Develop economic policies without reference point

The Governor of the Bank of Canada, Mark Carney, and Finance Minister Jim Flaherty, both appear to agree about the risks that always runs the Canadian economy and to cope they urge Canadians to reduce their indebtedness. But they certainly did not have the support of all experts. Indeed, the finance minister has announced he wants to tighten the terms of mortgage financing in Canada. Without giving a specific purpose, the Minister informed that the first minimum downpayment of a home buyer will eventually be greater than 5% as is currently the case. Then he said that the terms of depreciation, that is to say, the mortgage maturity, which can stretch over 35 years now, will henceforth be shorter.
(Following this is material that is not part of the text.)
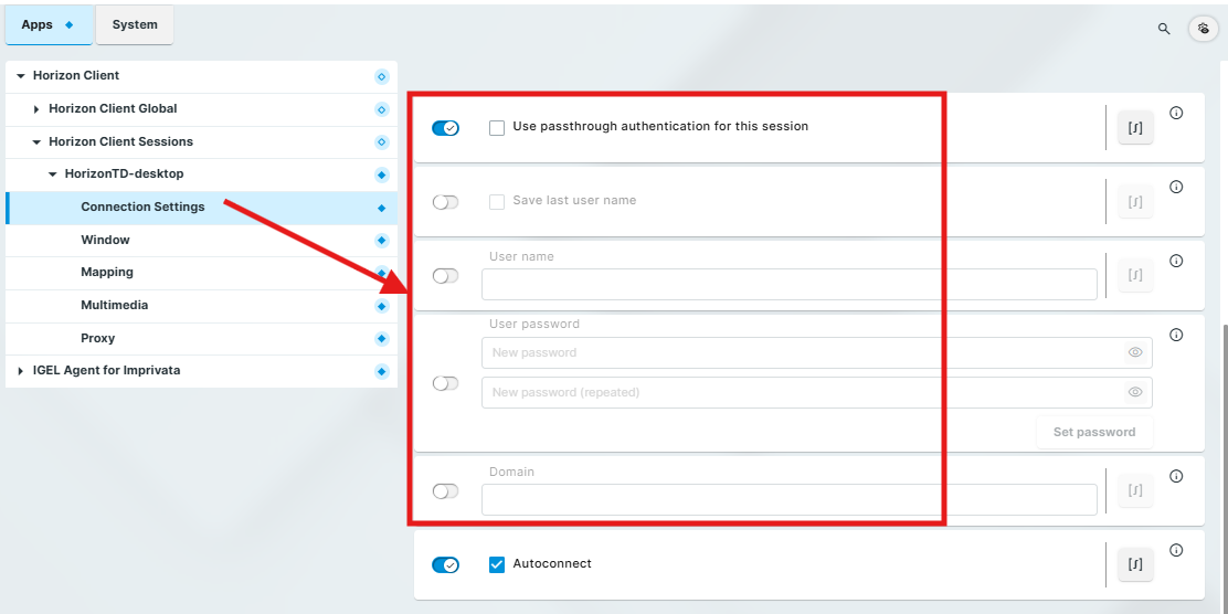 To make the credential stuffing possible, the credentials must not be predefined for the preconfigured session. Therefore set the relevant session credential parameters to inactive so that they are not controlled by the UMS profile.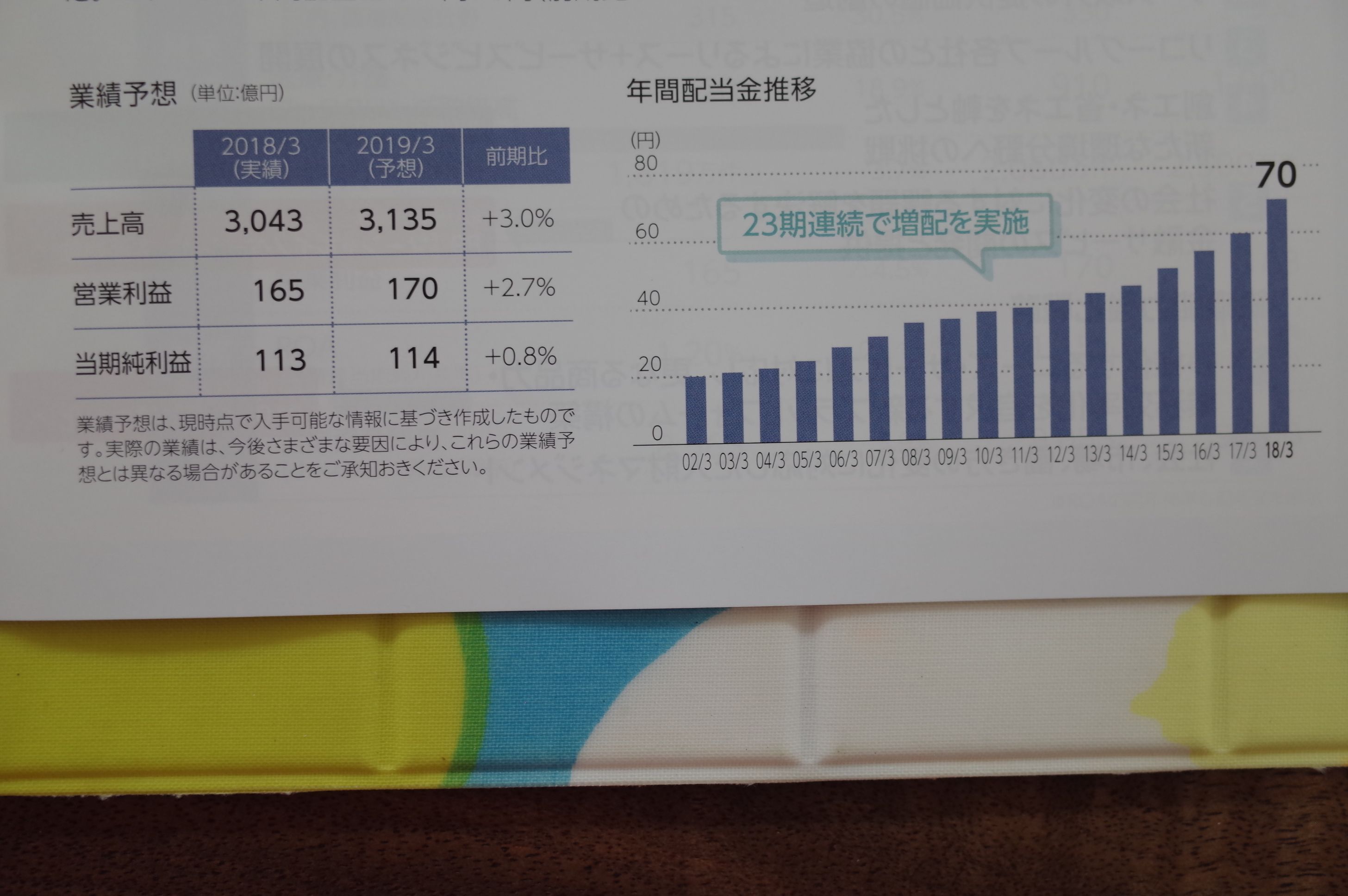 現在の株価は3415円、時価総額1066億円、PBR0.61、自己資本比率16.8%、今期予想PER、配当利回り2.6%(90円)、総合利回り3.5%(90+30=120円)で、優待は100株保有で3000円相当のクオカードです。また長期株主優遇制度もあり、1年以上の継続保有で4000円相当、3年以上で5000円相当となります。

A week earlier, the Governor

of the Bank of Canada had stated that the Canadian household debt was too high and that this proves the factor most important risk hanging over the recovery of the economy. Everything indicates that Carney and Flaherty are the same risks as the measures proposed by the Minister of Finance is precisely to reduce this debt. Why is it the most serious risk that the Canadian economy short, while most economists agree in saying that the recession is over? I thought that excessive debt can cause a problem when the economy slows down, not when it improves. Moreover, many economists were quick to retort that the project of the Minister of Finance may cause more harm than good to the economy because it will weaken the housing market, a very important sector throughout economy. Others say that the economic recovery is still far too fragile to introduce binding measures such as this. Since autumn 2008 the governments and central banks have not hesitated to make available to economic agents all financial resources necessary to avoid a collapse in demand for goods and services that could plunge us into a depression similar to than 30 years. Carney and Flaherty probably feel that it is time to reverse and correct the imbalances, or household debt, of course, but also the huge government deficits. If we begin with the household debt is that the Bank of Canada, who always keeps an eye on inflation, will want to raise interest rates some time next summer, possibly soon spring. A rise in interest rates has always, one suspects, an unfortunate effect on people who have too much debt. But also, if we succeed in reducing household debt, it will be much easier to address the deficits of governments, for who you think will have to contribute to repay government debt? One thing is certain is that opinions are more divided than ever about economic policies in favor. The situation experienced over the last two years has not comparable. However, establishing economic policies without reference point is always a difficult task. This will happen in 2010.